USWM collaborates with Beat Childhood Cancer Research Consortium (BCC) and Sponsor-Investigator, Dr. Giselle Sholler and makes investigational product DFMO 192 mg tablets available for pediatric oncology indications through multiple clinical trials and a Group Expanded Access Program (also called Intermediate Population Expanded Access).
USWM does not currently provide Individual Patient Expanded Access; however, detailed written requests for unique circumstances will be reviewed on a fair and equitable basis.

Expanded Access may not always be available. Information about the Group Expanded Access Program, including a full list of eligibility criteria and site contact information can be found here: https://clinicaltrials.gov/ct2/show/NCT03581240. In addition to meeting the eligibility criteria outlined at the link above, the following criteria must be met for entry into the Group Expanded Access Program:

  • USWM must have sufficient supply of DFMO to reasonably accommodate the anticipated duration of treatment.
  • The patient’s licensed physician must be willing to collaborate with the enrolling center.
  • The patient’s physician and enrolling physician determine there is no comparable or satisfactory therapy available to treat the patient’s disease or condition and they agree that the patient is clinically stable and able to receive this medication.
  • The patient’s parent/guardian is willing to travel with the patient to BCC at study entry and every three months while on treatment.

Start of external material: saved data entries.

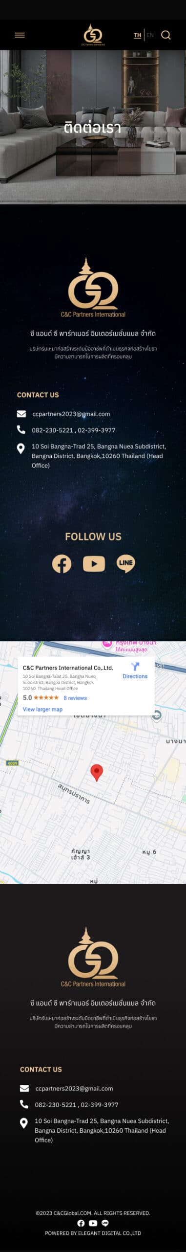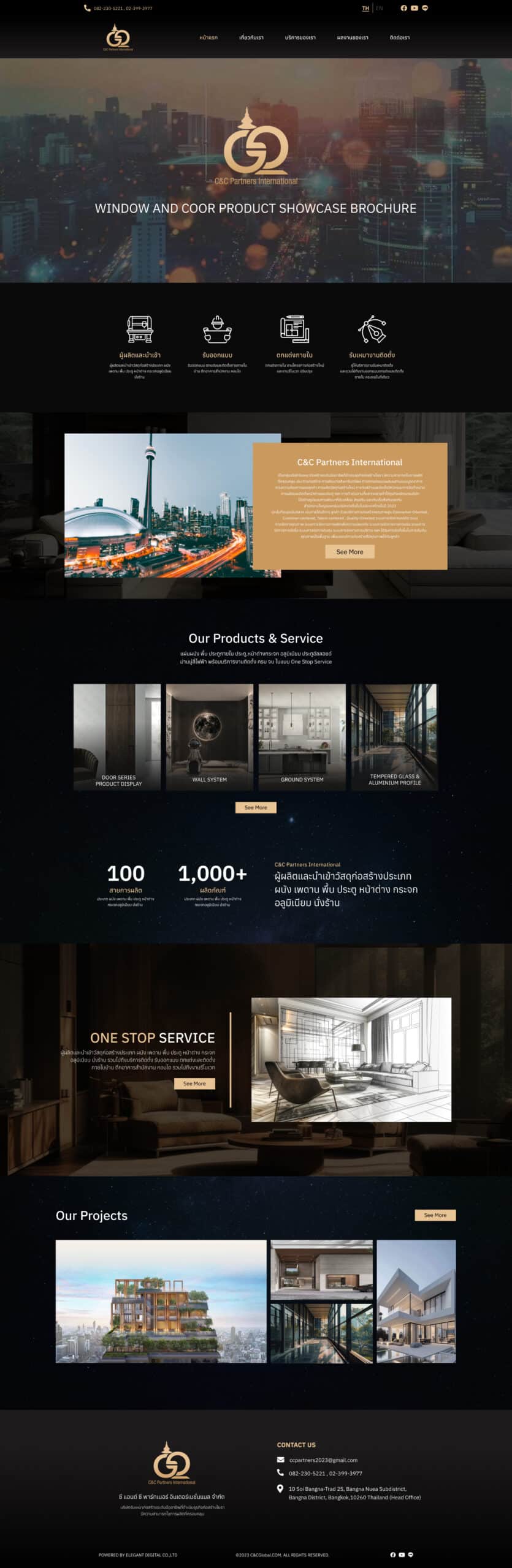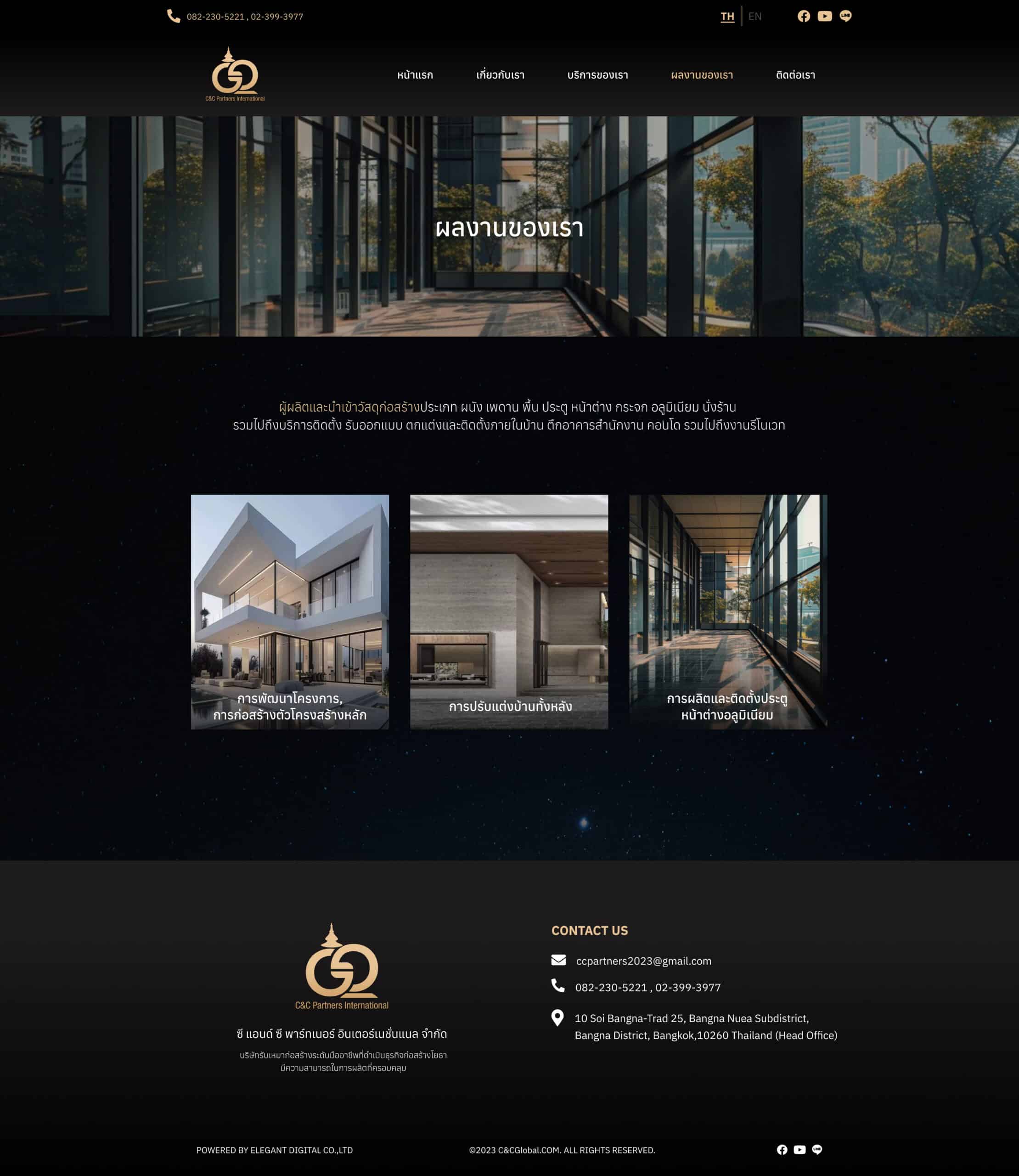 The C&C GLOBAL website is designed with a clear structure, dividing sections into
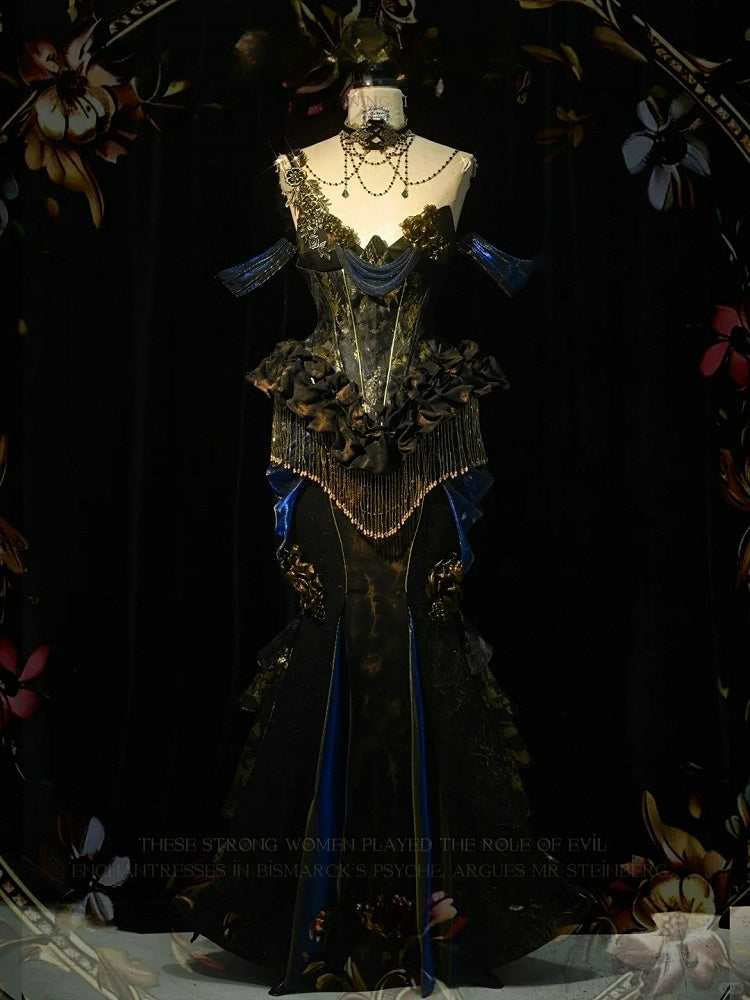 The skirt comes adorned with removable roses pin and a delicate bead chain, allowing you to customize your look effortlessly. These exquisite embellishments add a romantic and ethereal charm to the ensemble, making it perfect for gothic events, themed parties, or simply to make a bold fashion statement.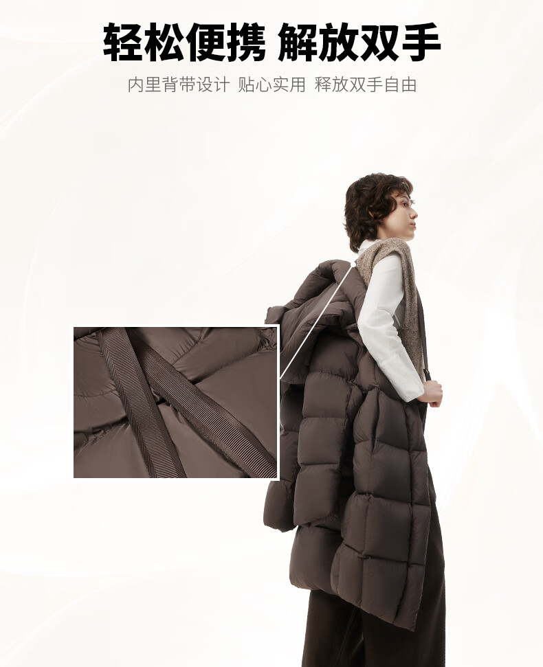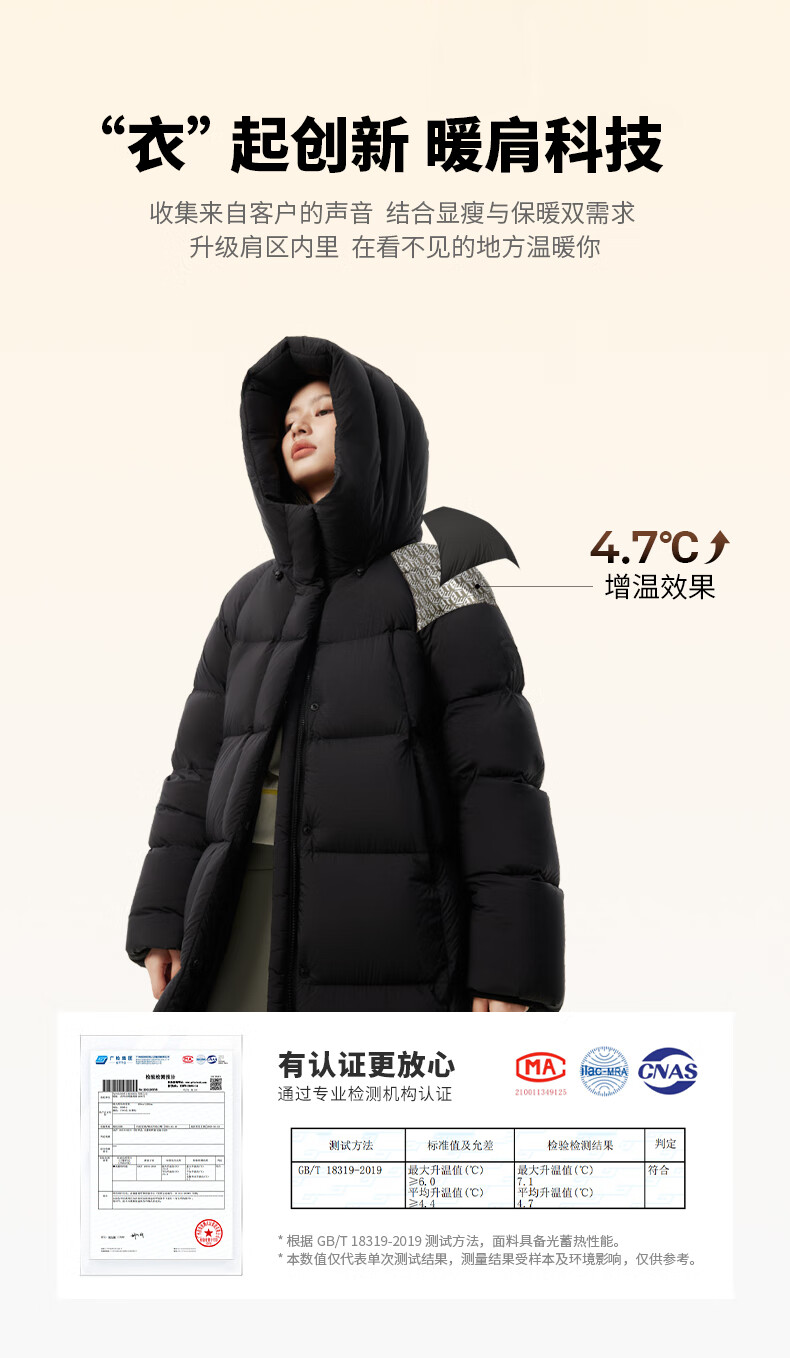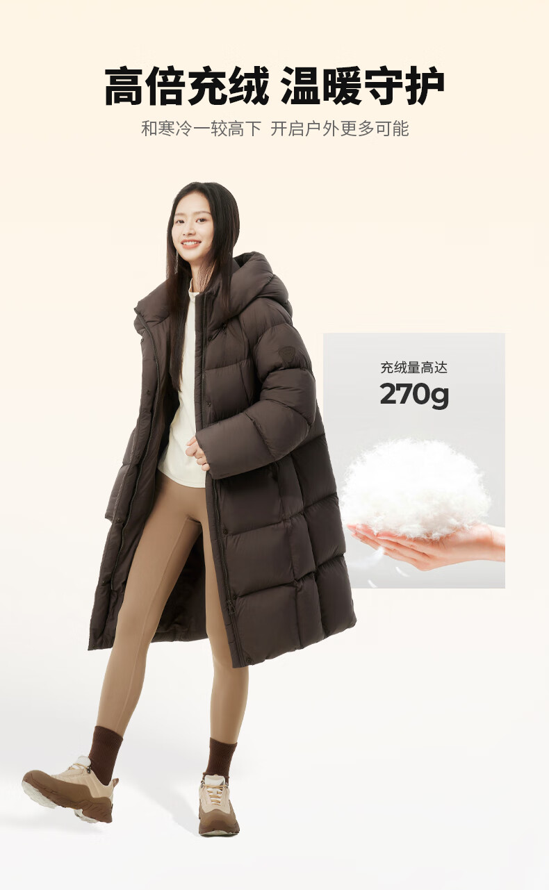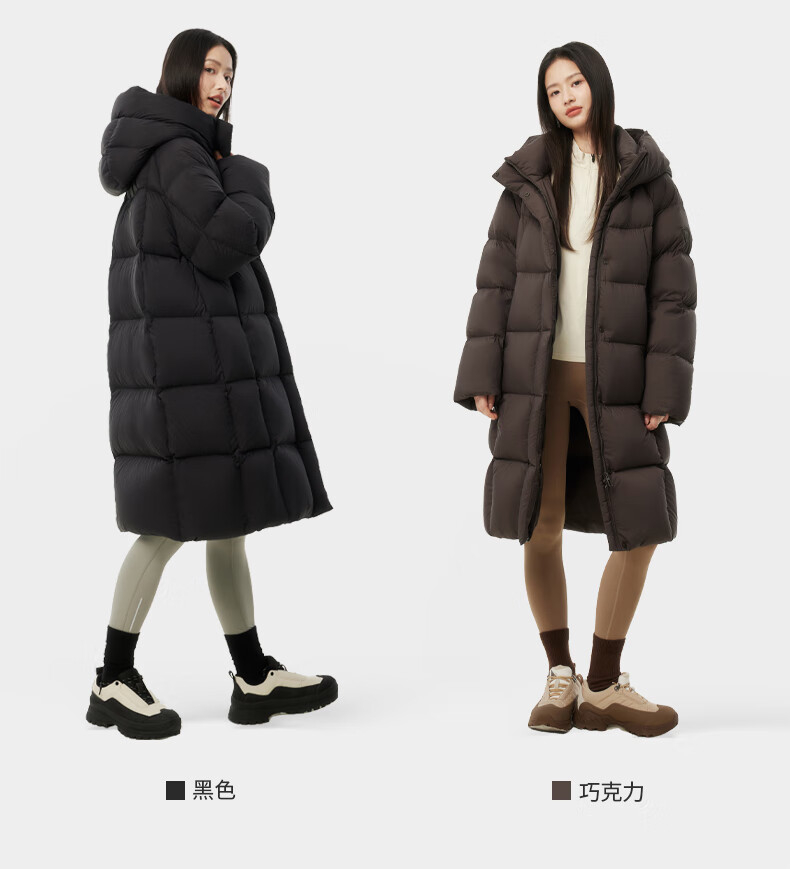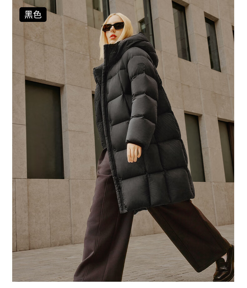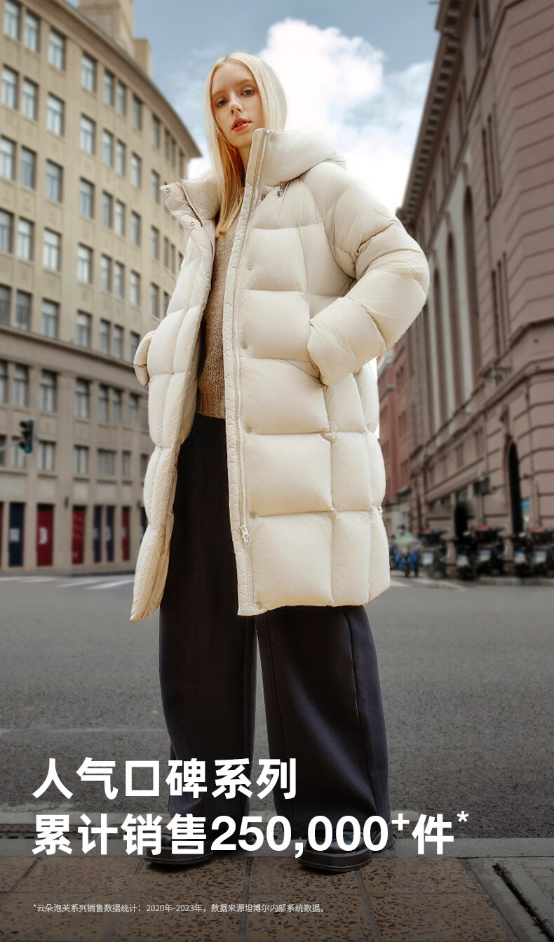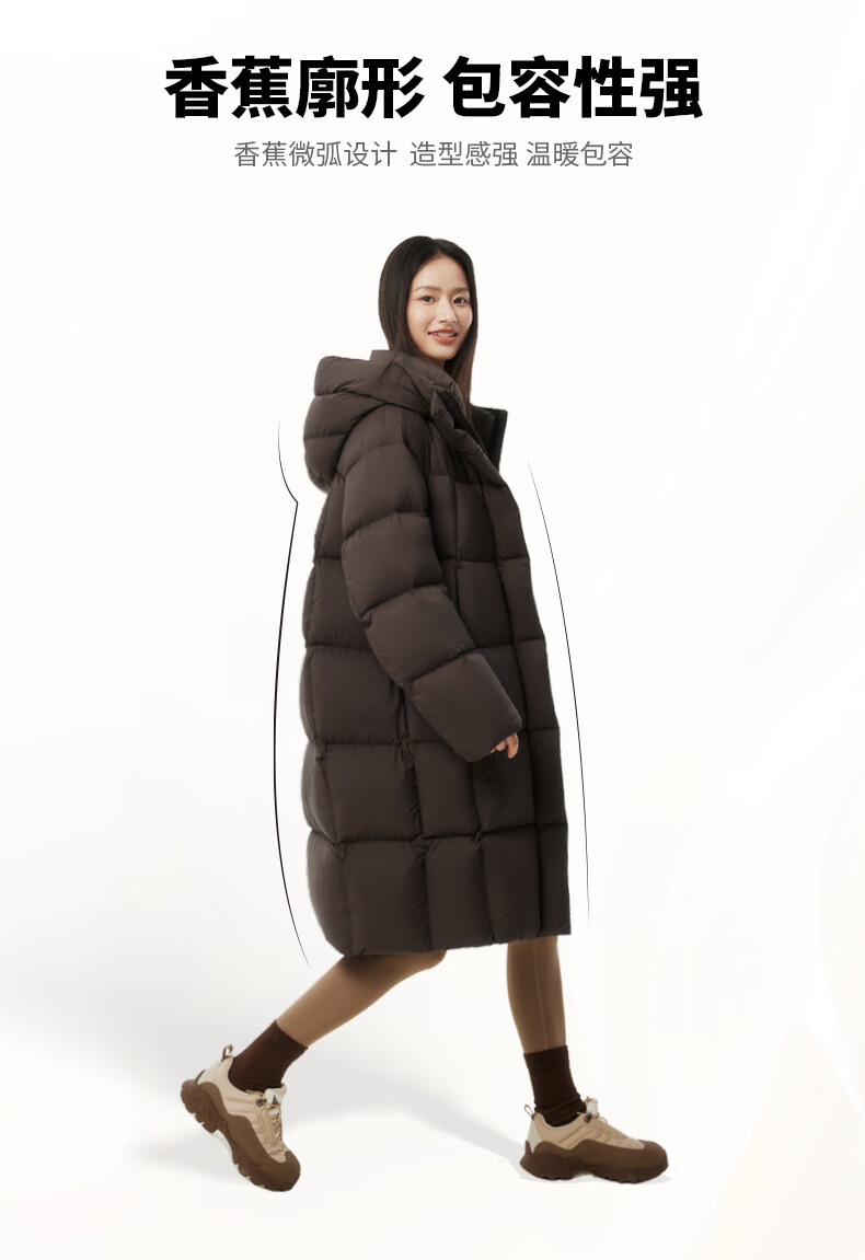 坦博尔泡芙羽绒服女反季中长款鸭绒连帽舒适百搭廓形保暖外套

Licensed physicians may contact USWM with general requests or questions regarding Expanded Access at regulatoryaffairs@usworldmeds.com. USWM will endeavor to acknowledge general requests and questions within 5 business days. In line with the 21st Century Cures Act, USWM cannot guarantee access to investigational product to all patients. USWM may revise this policy at any time; at such time, the revised policy will be made publicly available.